- WHAT YOU WILL DO:
Among the entries below, only the lines from the one with "Price Ladder offers" through the one with "Looking for a" are to be retyped, exactly and without pictures.

- MATERIAL SUPPLIED:
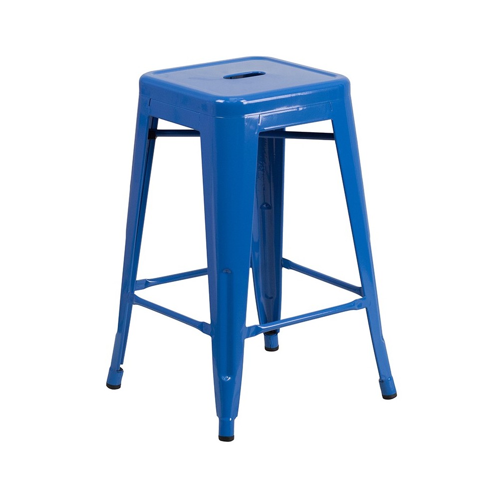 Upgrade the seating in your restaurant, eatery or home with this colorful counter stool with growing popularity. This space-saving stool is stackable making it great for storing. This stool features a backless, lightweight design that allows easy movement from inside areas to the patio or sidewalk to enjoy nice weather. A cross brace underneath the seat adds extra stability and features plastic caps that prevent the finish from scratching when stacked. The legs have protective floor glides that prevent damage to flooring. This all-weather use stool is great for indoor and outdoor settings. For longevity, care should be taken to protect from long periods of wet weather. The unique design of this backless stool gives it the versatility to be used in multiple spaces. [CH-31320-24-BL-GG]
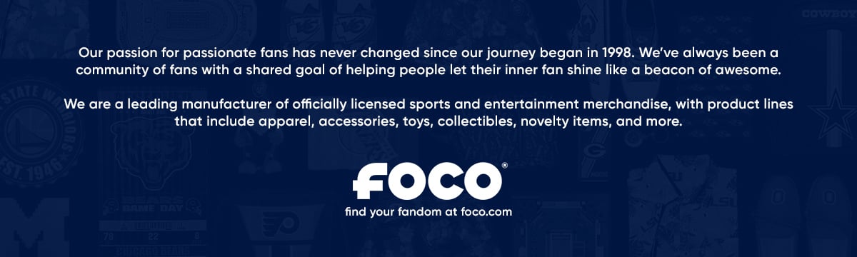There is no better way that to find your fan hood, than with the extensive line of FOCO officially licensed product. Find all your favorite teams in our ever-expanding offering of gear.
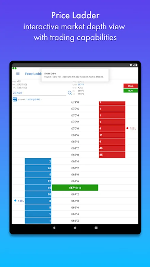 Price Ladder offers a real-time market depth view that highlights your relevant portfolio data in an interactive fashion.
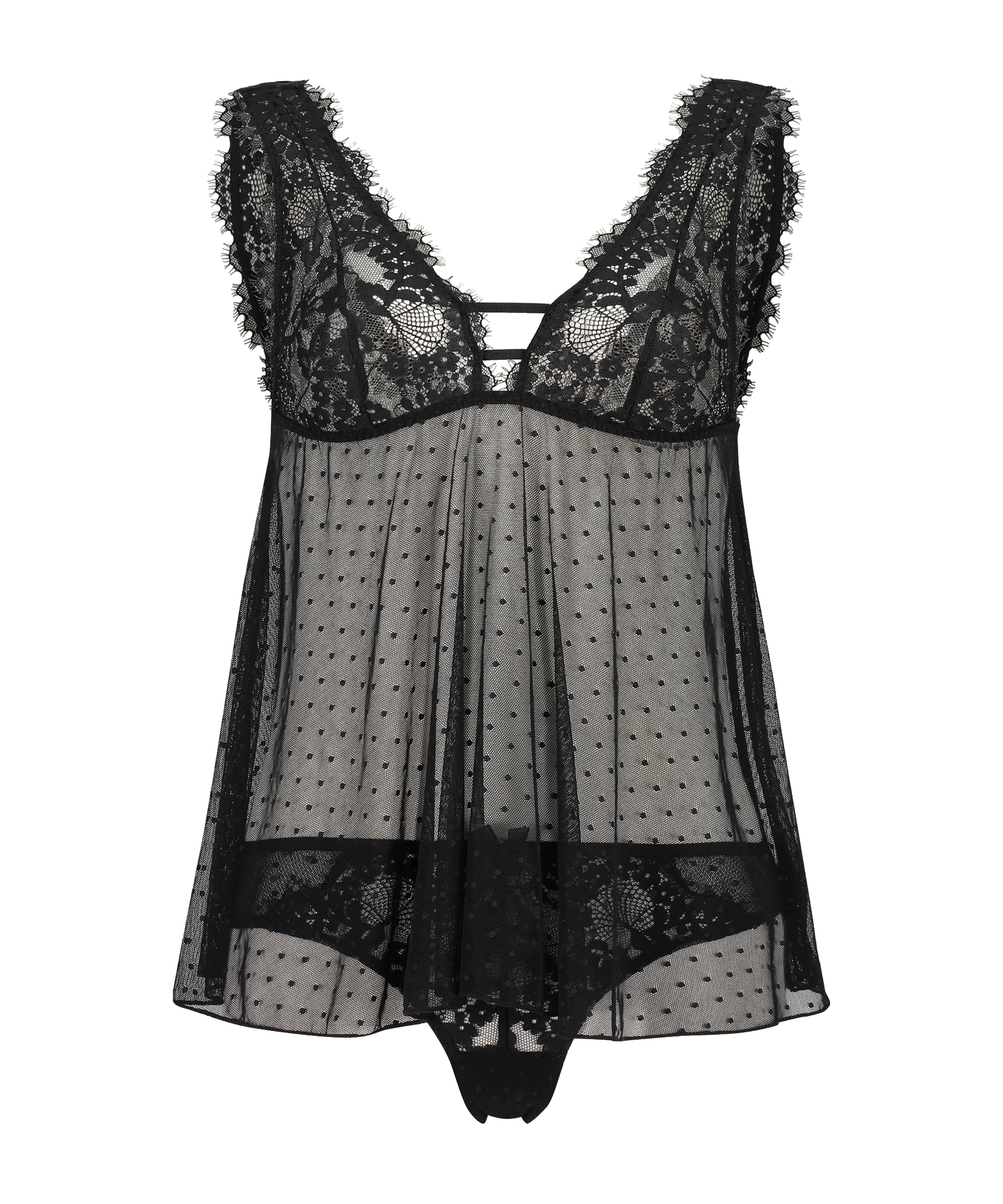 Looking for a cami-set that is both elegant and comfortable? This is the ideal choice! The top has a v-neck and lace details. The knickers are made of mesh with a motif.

* * *

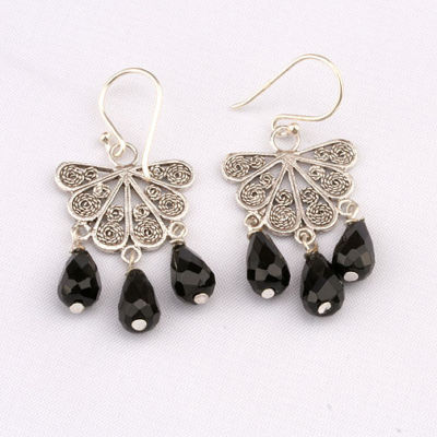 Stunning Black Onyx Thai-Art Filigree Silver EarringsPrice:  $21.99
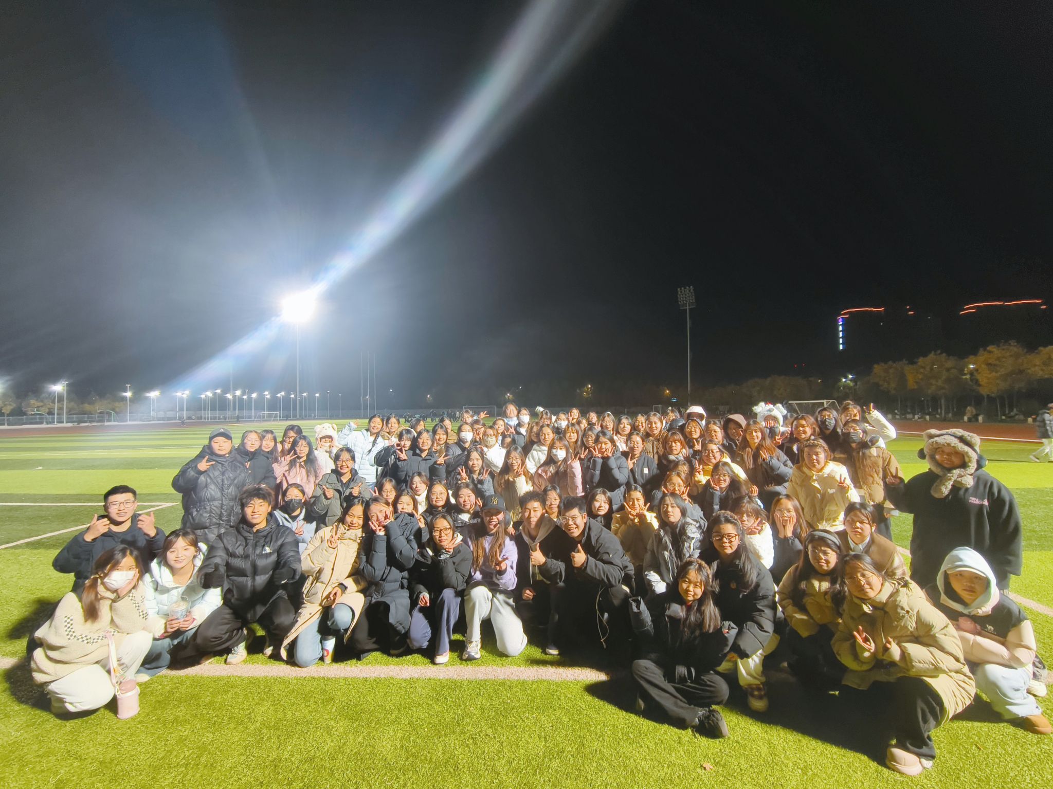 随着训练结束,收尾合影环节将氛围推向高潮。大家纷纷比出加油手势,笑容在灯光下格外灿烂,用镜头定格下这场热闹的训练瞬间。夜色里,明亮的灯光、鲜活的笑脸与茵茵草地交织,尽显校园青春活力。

- OUTPUT FOR THIS EXERCISE:
 Price Ladder offers a real-time market depth view that highlights your relevant portfolio data in an interactive fashion.
 Looking for a cami-set that is both elegant and comfortable? This is the ideal choice! The top has a v-neck and lace details. The knickers are made of mesh with a motif.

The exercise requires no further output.